User Story as a Card

User Story is one of the most common formats how to write Product Backlog Item. It has specific format which forces people to focus on business value.

As a [user | role| persona]
I want to get [functionality]
So that I get [business value]

As an example of such User Story for my online beer store called “Berrer” we can write the following:

As Jon (busy manager with no time)
I want to get beers selected by “Beerer”
So that I can impress my friends by variety of rare brands.

It shall give us three different information – Who, What, and Why – which must fit together and once you read it to someone it shall create consistent story together. As you may have noticed the User Story looks at the functionality from the business perspective and is customer centric (note that customers are all user, stakeholders, other teams, … ). We never define how exactly it shall be solved, but describe the business impact we want to achieve.

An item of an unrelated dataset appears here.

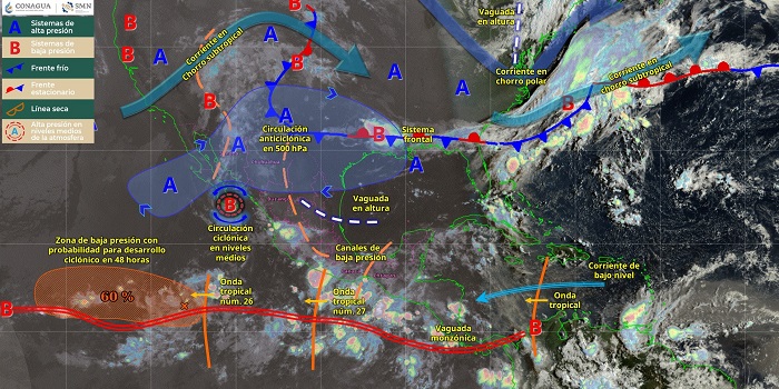 La onda tropical núm. 27 originará lluvias puntuales intensas en Oaxaca y Guerrero; y el aire húmedo del océano Pacífico ocasionarán lluvias puntuales muy fuertes en Michoacán, Colima y Jalisco. Un canal de baja presión que se extenderá desde el norte hasta el centro de México,

Write Acceptance criteria was never good idea

Having that definition, companies are often missing the place where to write the exact specification. But there is none. It’s all about conversation. It should fit a small index card. Having said that, teams are still fighting and try to keep it as close as possible to the traditional detailed specification. One way how keep it close is to add detail as Acceptance criteria. It usually looks as checklist of all possible details you shall/shall not implement. It seems to be useful for teams who have limited understanding of business and product but it’s not. To give you an example of such Acceptance Criteria for the above defined User Story, it can look like this:

  • Beers from all continents
  • At least one beer from Belgium
  • Several small local breweries
  • One light, dark, Ale, Pils

As a result of it development team is not involved in the story definition anymore. They just take those points one by one and implement it. If it’s not working as we missed something, it’s not their fault but the Product Owners’. He shall have made the missing piece part of the Acceptance criteria. So let’s have a look to better solution.

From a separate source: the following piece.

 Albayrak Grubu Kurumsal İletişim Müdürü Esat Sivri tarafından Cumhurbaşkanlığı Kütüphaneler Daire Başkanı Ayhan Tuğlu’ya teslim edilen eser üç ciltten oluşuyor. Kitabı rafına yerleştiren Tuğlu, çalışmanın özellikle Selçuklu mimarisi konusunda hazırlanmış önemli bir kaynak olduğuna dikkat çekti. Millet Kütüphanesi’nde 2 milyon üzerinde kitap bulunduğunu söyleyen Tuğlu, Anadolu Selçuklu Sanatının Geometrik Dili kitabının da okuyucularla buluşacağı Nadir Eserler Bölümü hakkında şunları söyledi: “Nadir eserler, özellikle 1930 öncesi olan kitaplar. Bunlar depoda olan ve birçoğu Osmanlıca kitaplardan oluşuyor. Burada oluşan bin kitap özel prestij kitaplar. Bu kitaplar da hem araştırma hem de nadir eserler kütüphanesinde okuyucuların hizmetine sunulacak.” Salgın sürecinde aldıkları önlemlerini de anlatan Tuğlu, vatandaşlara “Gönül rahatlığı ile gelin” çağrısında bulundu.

Define Conditions of Satisfaction instead

As we said before, User Story is about conversation. It shall be simple, clear, and easy to remember. If you write well so it is small enough, there is no need for any additional information at the back side of the card. However sometimes you might find it useful to stress certain expected behavior / impact. In such case we turn the User Story card and write the Conditions of satisfaction. For the above defined story it might be:

Jon can impress his friends by selection of all different tastes of beer selected from micro-breweries across the world.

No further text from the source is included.